Transcribe every line from the one containing "Москва. 17 июля." to the end of the listing, exactly as written, and leave out the pictures.

» Recorded data:
——
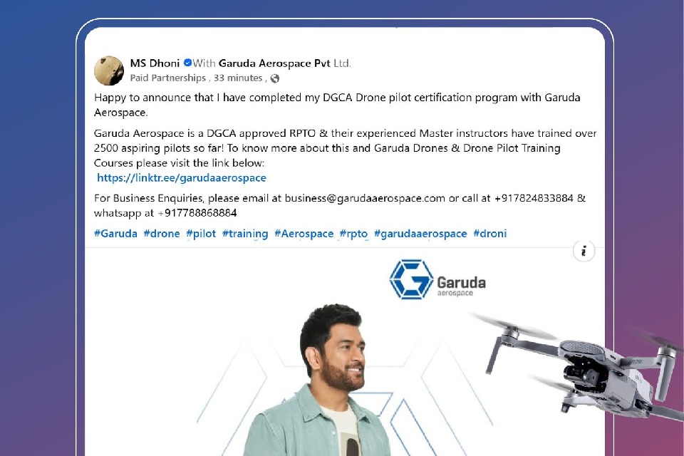 ధోనీ మా వద్ద శిక్షణ తీసుకుని డ్రోన్ పైలట్ లైసెన్స్ సాధించాడు: గరుడ ఏరోస్పేస్ వెల్లడి
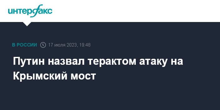 Москва. 17 июля. INTERFAX.RU - Президент Владимир Путин на совещании назвал терактом взрыв на Крымском мосту.
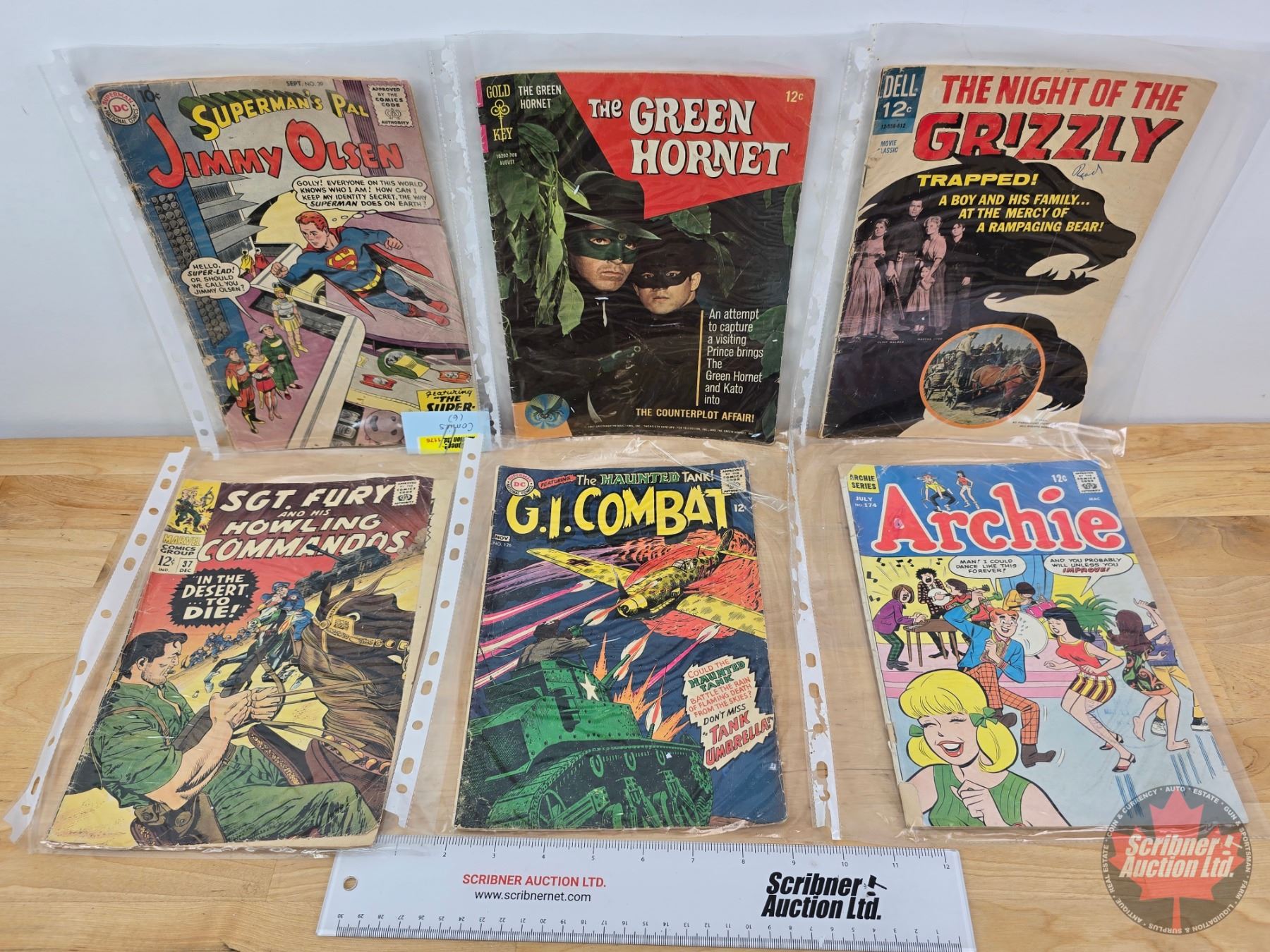 Vintage Comic Books (6): Green Hornet; Archie; Jimmy Olsen; Grizzly; GI Combat; Sgt Fury (SEE PICS!)
——
» Answer area:
 Москва. 17 июля. INTERFAX.RU - Президент Владимир Путин на совещании назвал терактом взрыв на Крымском мосту.
 Vintage Comic Books (6): Green Hornet; Archie; Jimmy Olsen; Grizzly; GI Combat; Sgt Fury (SEE PICS!)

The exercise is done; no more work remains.